Недоверчиво осматривая расколотые каменные сиденья и щели, из которых пробивались бодяк и пырей, а кое-где наползала на камни тёмная зелень можжевельника, вельможи выбирали места и усаживались ближе к арене. Иннидис с Аннаисой тоже были среди этих вельмож, и Реммиена, увидев их, поманила к себе и пригласила сесть рядом — с собой, Милладорином и Ровваном Саттерисом, отчего племянница пришла в неописуемый восторг.
Иннидис впервые видел Вильдэрина в роли, где тот играл почти самого себя — очаровательного юношу, немного наивного, заплутавшего в мире мёртвых, но вернувшегося к жизни. И выражение его лица было таким трогательным, а сильный мелодичный голос звучал так печально, что сложно было не проникнуться сочувствием.
Удовольствие от представления, впрочем, подпортил Ровван. Мужчина повернулся к Иннидису, как раз когда Ви покинул небольшой участок арены, отведённый под выступление и огороженный тростниковыми ширмами. Само выступление как раз подходило к концу, завершаясь ликующим песнопением под барабанный бой.
— Да ты никак обманул меня, друг мой, — сказал Ровван и погрозил ему пальцем вроде бы шутливо, но в голосе отчетливо слышался упрёк. — Когда мы с тобой… хм… выписывали на этого твоего Ви купчую, ты утверждал, будто он самый обычный и в нём нет ничего примечательного. У меня и тогда-то были кое-какие подозрения, но всё же я тебе поверил… А теперь уже точно вижу, что он был не простым рабом. Неясно только, как оказался на шахте… И сколько же он стоил на самом деле, а?
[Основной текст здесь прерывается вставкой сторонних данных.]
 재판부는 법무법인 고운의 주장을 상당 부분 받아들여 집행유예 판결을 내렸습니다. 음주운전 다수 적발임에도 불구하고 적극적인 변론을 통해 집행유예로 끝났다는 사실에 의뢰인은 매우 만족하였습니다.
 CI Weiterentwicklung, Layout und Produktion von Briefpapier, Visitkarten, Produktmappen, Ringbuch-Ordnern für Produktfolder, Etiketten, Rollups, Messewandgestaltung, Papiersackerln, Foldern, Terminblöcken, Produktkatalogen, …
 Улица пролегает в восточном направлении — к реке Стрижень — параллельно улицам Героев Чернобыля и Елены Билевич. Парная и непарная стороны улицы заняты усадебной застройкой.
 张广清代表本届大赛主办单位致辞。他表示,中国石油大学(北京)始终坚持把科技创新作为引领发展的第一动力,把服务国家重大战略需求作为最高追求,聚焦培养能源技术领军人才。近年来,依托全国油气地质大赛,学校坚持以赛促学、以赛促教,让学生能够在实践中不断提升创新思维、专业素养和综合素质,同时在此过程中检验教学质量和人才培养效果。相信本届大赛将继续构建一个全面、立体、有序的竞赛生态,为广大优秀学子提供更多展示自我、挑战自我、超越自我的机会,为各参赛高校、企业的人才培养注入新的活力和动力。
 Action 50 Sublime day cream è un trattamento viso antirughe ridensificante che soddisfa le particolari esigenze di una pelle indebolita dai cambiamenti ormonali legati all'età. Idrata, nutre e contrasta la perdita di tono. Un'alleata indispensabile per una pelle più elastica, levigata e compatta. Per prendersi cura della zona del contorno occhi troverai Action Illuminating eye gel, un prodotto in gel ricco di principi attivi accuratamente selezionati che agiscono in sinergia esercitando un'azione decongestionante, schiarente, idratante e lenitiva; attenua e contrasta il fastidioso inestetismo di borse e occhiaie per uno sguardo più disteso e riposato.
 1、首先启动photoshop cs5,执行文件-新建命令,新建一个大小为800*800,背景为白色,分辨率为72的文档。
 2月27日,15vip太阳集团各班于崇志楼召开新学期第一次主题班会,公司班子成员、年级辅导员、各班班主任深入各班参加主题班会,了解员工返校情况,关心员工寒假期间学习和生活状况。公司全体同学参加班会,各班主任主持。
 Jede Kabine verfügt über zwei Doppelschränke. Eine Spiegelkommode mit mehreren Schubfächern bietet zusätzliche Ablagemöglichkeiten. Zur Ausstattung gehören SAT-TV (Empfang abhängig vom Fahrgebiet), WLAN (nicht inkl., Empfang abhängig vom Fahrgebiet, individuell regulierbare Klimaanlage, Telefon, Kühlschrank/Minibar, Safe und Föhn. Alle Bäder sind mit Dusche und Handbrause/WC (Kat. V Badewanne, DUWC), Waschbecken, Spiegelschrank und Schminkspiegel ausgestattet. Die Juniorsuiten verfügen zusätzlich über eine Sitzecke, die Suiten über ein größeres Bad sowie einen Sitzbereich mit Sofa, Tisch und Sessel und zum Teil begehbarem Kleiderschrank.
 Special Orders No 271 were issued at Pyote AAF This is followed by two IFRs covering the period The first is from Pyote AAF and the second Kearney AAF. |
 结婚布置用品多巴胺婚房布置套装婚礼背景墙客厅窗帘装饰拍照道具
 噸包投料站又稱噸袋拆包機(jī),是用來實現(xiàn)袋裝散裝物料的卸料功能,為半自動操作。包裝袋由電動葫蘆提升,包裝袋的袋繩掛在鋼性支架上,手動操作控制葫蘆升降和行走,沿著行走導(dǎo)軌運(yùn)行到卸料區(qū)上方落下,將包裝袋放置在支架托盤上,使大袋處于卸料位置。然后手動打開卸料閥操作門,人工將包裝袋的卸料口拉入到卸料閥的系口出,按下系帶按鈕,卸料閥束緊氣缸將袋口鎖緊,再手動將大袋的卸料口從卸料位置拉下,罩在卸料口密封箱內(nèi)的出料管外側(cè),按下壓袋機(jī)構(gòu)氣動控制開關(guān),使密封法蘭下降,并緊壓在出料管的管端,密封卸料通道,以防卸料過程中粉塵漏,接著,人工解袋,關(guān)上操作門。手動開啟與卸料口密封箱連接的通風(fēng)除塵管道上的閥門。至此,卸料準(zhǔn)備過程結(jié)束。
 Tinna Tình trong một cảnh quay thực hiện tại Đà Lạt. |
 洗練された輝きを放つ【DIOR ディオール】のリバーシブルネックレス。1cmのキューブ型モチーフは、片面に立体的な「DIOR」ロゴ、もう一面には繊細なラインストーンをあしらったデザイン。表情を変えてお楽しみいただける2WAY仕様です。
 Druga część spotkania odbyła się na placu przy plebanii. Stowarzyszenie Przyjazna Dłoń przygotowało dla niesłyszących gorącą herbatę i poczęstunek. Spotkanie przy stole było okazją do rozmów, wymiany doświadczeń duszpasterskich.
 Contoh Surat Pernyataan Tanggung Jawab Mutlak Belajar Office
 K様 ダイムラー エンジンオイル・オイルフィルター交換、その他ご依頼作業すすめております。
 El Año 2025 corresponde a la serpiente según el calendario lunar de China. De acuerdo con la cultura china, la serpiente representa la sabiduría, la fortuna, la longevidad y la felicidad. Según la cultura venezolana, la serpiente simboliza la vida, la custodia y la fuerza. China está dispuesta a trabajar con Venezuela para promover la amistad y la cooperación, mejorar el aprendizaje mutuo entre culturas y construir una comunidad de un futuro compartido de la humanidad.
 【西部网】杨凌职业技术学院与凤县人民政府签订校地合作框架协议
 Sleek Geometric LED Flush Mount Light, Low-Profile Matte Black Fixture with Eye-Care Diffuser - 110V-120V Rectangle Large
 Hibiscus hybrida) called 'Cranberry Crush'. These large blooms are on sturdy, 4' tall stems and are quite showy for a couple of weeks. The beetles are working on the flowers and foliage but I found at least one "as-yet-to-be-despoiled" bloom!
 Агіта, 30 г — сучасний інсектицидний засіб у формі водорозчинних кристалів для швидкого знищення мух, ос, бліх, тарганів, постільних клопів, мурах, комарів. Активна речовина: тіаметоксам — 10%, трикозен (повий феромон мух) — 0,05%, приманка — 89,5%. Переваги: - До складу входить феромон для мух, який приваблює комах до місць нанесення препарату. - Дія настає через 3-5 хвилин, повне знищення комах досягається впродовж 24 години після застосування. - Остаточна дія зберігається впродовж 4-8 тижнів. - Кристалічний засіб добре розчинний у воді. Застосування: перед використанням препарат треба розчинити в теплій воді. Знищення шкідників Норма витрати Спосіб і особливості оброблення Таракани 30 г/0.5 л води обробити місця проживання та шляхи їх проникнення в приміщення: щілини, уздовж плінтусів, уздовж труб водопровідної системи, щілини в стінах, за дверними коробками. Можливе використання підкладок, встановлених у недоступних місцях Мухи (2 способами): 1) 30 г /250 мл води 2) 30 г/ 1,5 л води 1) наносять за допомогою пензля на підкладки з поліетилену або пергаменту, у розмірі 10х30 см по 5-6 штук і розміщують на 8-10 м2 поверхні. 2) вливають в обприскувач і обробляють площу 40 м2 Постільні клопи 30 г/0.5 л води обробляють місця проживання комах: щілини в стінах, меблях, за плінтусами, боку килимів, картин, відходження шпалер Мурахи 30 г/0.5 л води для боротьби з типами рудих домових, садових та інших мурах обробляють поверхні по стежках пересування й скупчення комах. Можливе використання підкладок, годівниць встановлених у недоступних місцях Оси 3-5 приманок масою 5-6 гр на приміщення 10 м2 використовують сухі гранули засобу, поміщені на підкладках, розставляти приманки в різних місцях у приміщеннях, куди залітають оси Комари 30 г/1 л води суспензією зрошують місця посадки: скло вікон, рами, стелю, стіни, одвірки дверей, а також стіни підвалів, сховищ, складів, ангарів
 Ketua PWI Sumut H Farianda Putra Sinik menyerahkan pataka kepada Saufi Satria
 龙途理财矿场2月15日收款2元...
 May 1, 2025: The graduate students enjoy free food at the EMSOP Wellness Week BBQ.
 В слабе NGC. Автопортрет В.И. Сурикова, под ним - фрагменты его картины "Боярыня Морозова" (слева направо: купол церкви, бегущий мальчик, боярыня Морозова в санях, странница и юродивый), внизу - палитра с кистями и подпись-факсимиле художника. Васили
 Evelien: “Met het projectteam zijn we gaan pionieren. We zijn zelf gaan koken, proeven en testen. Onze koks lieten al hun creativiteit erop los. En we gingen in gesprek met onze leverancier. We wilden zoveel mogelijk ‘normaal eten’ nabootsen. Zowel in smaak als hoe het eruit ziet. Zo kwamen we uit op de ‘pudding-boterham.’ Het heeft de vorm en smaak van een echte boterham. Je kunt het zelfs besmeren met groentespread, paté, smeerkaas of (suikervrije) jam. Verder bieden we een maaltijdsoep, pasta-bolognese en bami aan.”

— Да нисколько он не стоил, — вмешалась Реммиена, издав тихий смешок. — Уж ты бы, во всяком случае, его стоимость тогда точно не распознал, так и сгноил бы паренька на руднике. Это только наш сердобольный Иннидис вечно бросается всех спасать. Так что отстань от него, пусть разочек получит за свою жалостливость хоть какую-то награду. Хотя, — она мазнула взглядом по Иннидису и снова рассмеялась, уже насмешливо, — он и от этого отказался. Нет чтобы продать раба по его настоящей цене, какая вышла бы прибыль! Но нет. Поразительное бескорыстие. Или расточительность.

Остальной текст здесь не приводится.